Ever wondered how to make your back muscles stand out to get that V-tapered look? Back muscles are an area that is very often neglected but is necessary to develop in order to have a strong upper body.
Most guys at the gym will spend their time focusing on the chest and on their arms but neglect the entire back. It is easy to get caught up with the beach muscles in order to show off but having good back development will have huge rewards.
Back muscles are necessary for posture and if the chest muscles are bigger and stronger than your back you will have the appearance as if you were slouching. A second advantage in having strong back muscles is vanity purposes. Think about it. If someone checks you out it won’t just be when you are facing them, in fact they will look back at you and your back will stand out.
Making your back muscles stand out is not just a matter of doing a couple of sets of lat pull downs but unfortunately that is what most people do expecting this is enough. As with any muscle group you need to work the muscles from every angle to give it balance and reach its potential.
Here are the best exercises to use for your back muscles:
- Pull-ups: hands down this is the best for back development. Grab an overhead bar and simply pull yourself up until your chin reaches the bar. The grip to use is slightly wider than shoulder width but you can switch it up to an overhand or underhand grip or wide grip or shoulder wide grip
- Rows: rows are great for developing thickness in the middle back muscles. You can do dumbbell rows, cable rows or t bar rows.
- Lat pull downs: lat pull downs are great for giving you what some call “wings.” Doing this exercise will work the upper and middle back as well as the lats.

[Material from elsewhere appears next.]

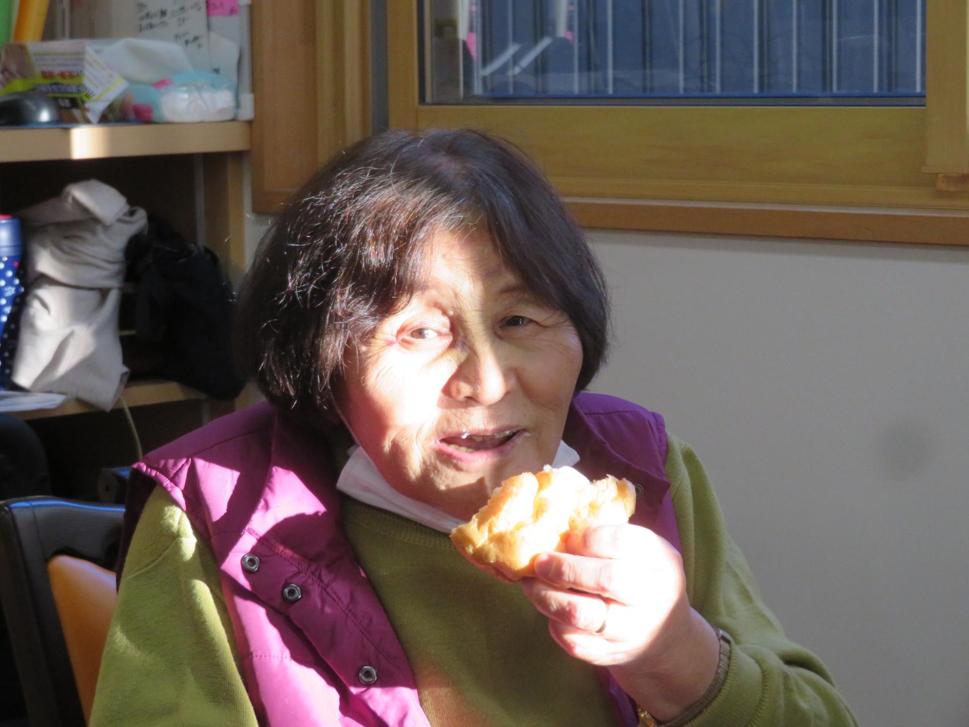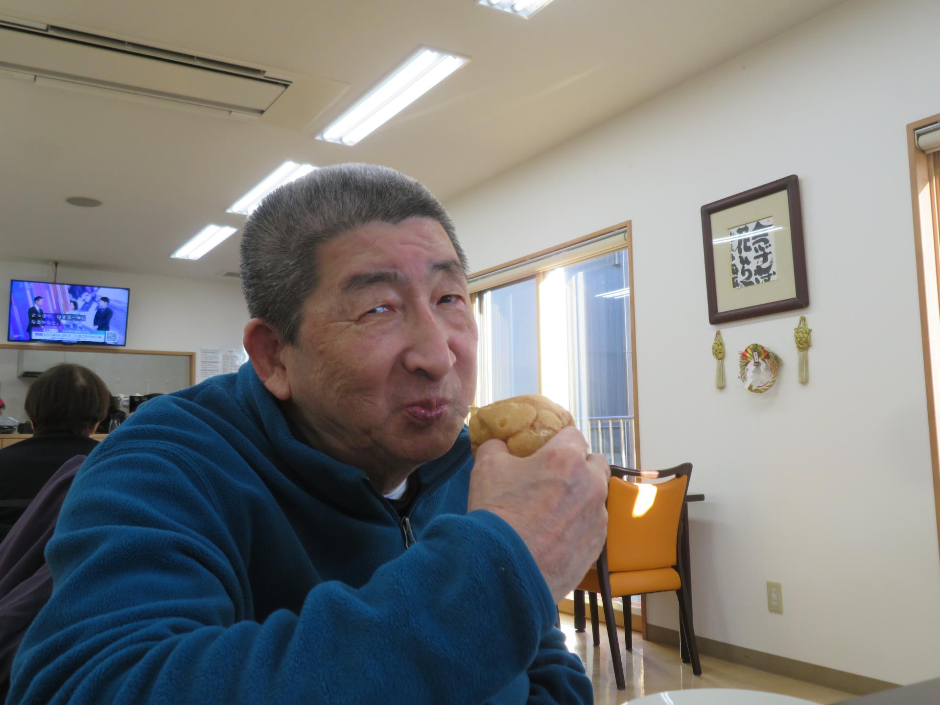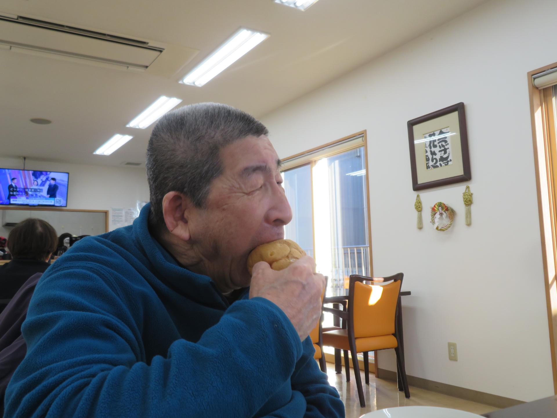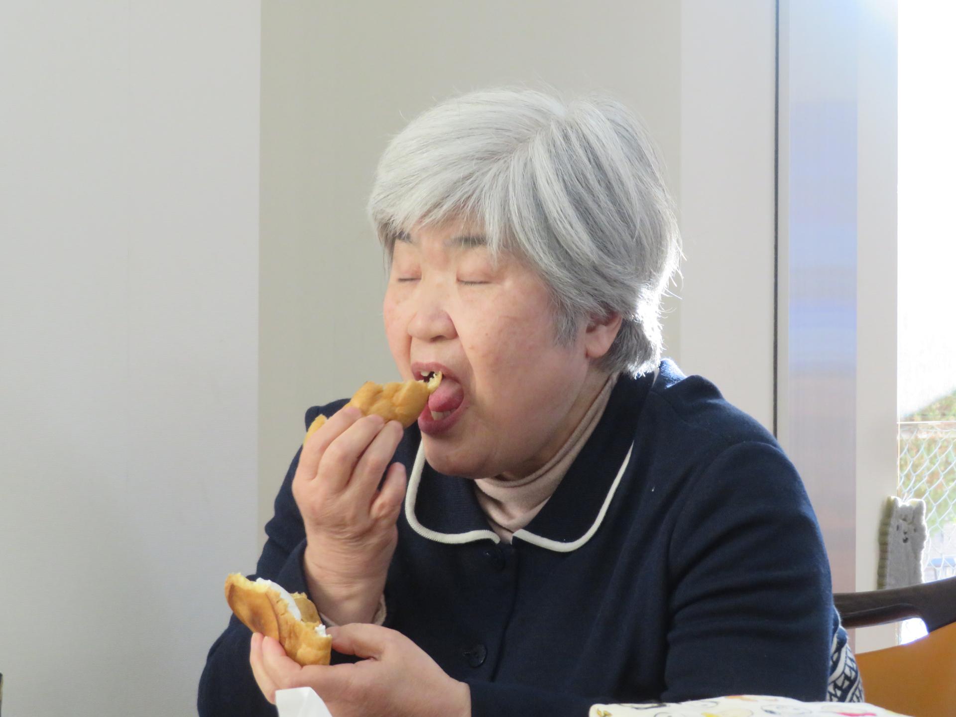 頬張る、頬張る。

- Low rows: this is a neglected exercise you should consider adding to your repertoire. Low rows work not only the back but also the traps and the rear delts.
- Hyperextensions: this exercise is also neglected but very important. You face down on a hyperextension machine or bench with your arms across your chest you come up slowly.
Work on your back muscles once or twice a week. Do these in your back repertoire once a week 4 sets of 10 repetitions and you will see gains soon.